Il existe une différence fondamentale entre le DR et un diagnostic associé : le DR fait partie intégrante de la morbidité principale, aux côtés du DP, tandis qu'un diagnostic associé décrit un problème de santé supplémentaire, distinct.

Un point technique à connaître : lorsque la CIM-10 permet un double codage dague-astérisque (un code étiologique signalé par une dague †, un code de manifestation signalé par un astérisque *), les deux codes doivent figurer dans le RUM. Celui qui correspond le plus précisément à la prise en charge est enregistré comme DP ou DR ; l'autre devient un diagnostic associé.

Le diagnostic associé significatif : ce qui vient s'ajouter

Un diagnostic associé significatif (DAS) est une affection ou un problème de santé qui coexiste avec le DP (ou le couple DP-DR), et qui correspond à l'un de ces trois cas : un problème de santé distinct supplémentaire, une complication de la morbidité principale, ou une complication de son traitement.

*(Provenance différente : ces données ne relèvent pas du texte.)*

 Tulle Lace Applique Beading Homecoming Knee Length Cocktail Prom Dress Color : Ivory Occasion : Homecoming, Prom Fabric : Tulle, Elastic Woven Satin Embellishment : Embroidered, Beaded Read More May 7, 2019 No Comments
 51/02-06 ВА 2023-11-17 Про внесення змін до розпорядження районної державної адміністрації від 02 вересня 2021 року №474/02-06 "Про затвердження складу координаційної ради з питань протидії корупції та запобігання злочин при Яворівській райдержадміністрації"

Un diagnostic associé est considéré comme significatif dans deux circonstances : s'il fait l'objet d'une prise en charge diagnostique ou thérapeutique, ou s'il majore l'effort de prise en charge d'une autre affection — c'est-à-dire s'il alourdit les soins nécessaires, même sans être lui-même traité directement.

Quelques exemples tirés du guide permettent de fixer les idées :

  • une cystite aiguë survenant pendant une hospitalisation pour un autre motif est un DAS, dès lors qu'elle est diagnostiquée et traitée — y compris si le diagnostic a lieu dans une unité et le traitement dans une autre ;
  • un diabète stable chez un patient hospitalisé pour autre chose reste un DAS, dès lors que sa glycémie est surveillée et son traitement poursuivi ;
  • une artériopathie connue, pour laquelle un bilan (échographie doppler) est réalisé « au passage » pendant le séjour, est un DAS au titre de cette prise en charge diagnostique ;
  • des difficultés psychologiques et sociales chez une accouchée récente, ayant nécessité l'intervention d'un psychologue ou d'une assistante sociale, constituent également un DAS.

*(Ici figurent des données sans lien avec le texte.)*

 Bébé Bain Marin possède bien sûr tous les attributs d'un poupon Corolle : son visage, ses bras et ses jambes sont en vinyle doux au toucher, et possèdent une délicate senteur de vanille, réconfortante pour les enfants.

À l'inverse, un antécédent guéri, une maladie stabilisée sans surveillance ni traitement, ou un simple facteur de risque n'ayant fait l'objet d'aucune prise en charge, ne doivent pas être retenus comme DAS.

Cas particulier fréquent : quand l'hospitalisation est précédée d'un passage aux urgences du même établissement, un problème diagnostiqué ou traité aux urgences — mais distinct du DP retenu par l'unité d'hospitalisation — doit être enregistré comme DAS dans le RUM de cette première unité.

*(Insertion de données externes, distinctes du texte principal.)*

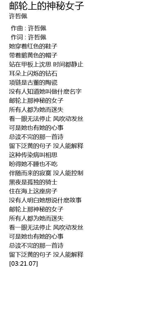 | [00:56.90] | 邮轮上那神秘的女子 |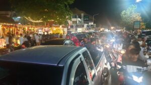 עומס רב ופקקים על כביש החוף. מכוניות המנסות לחצות נעצרות בין אלפים רבים של תיירים ומקומיים חוגגים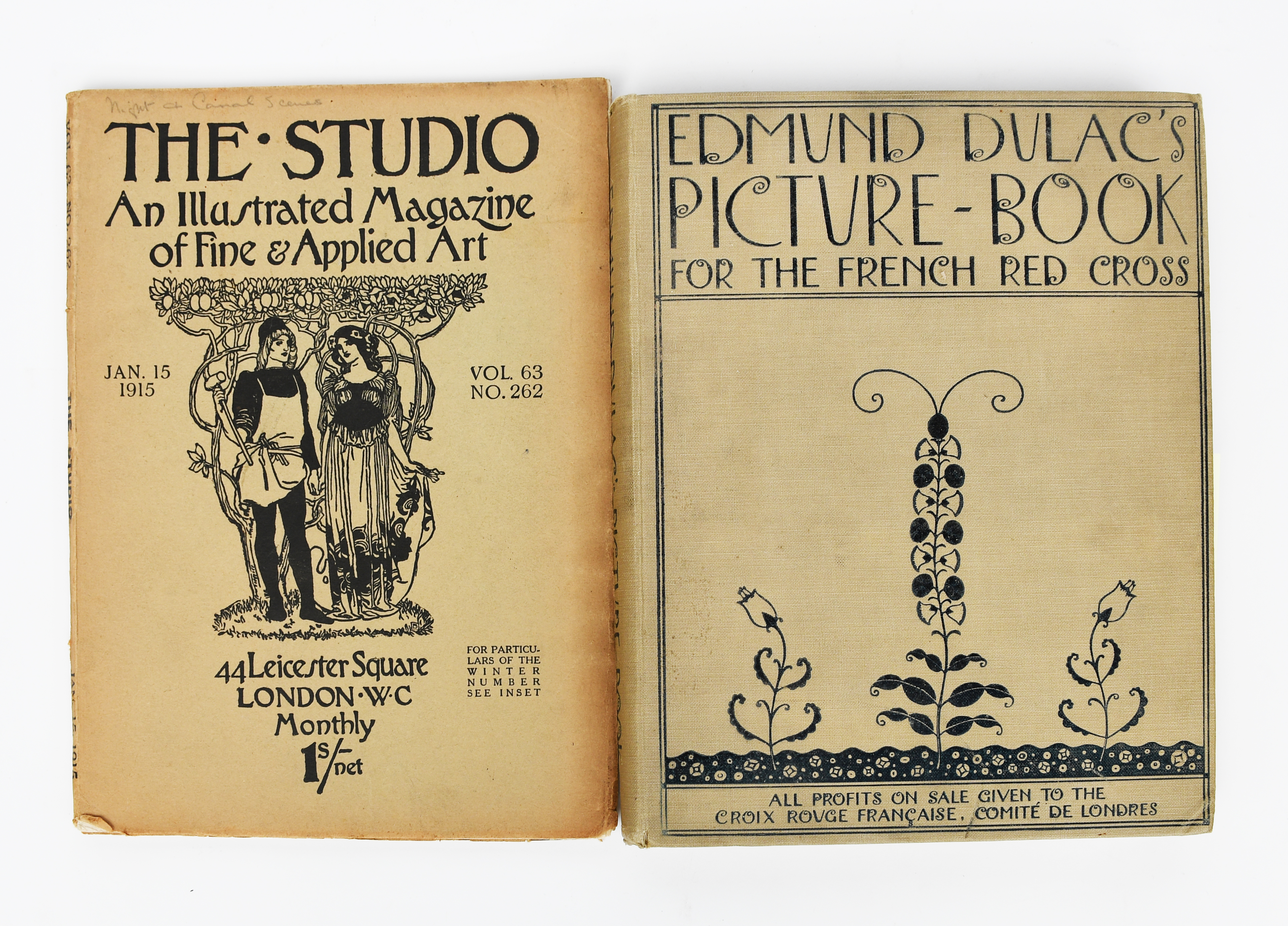 'The Studio' four volumes including for 1899, twenty one loose studio magazines, three bound scrap volumes of images from the studio and Edmund Dulac's Picture Book for the French Red Cross, circa 1916, (29)

L'enregistrement de tout DAS répondant à cette définition est obligatoire : omettre un diagnostic associé, ce n'est pas seulement appauvrir le dossier, c'est risquer de fausser le classement du séjour dans les groupes homogènes de malades.

L'essentiel à retenir

Un séjour se code en couches successives : un diagnostic principal qui répond à la question « pourquoi ce patient a-t-il été admis ? », un diagnostic relié qui vient le préciser quand un code Z ne suffit pas, et des diagnostics associés significatifs qui décrivent tout ce qui, en plus, a réellement occupé l'équipe soignante — sans qu'aucun d'eux ne se substitue à l'autre dans sa fonction. Cette hiérarchie n'est pas un exercice de style : c'est elle qui garantit que le résumé du séjour reflète la réalité de la prise en charge.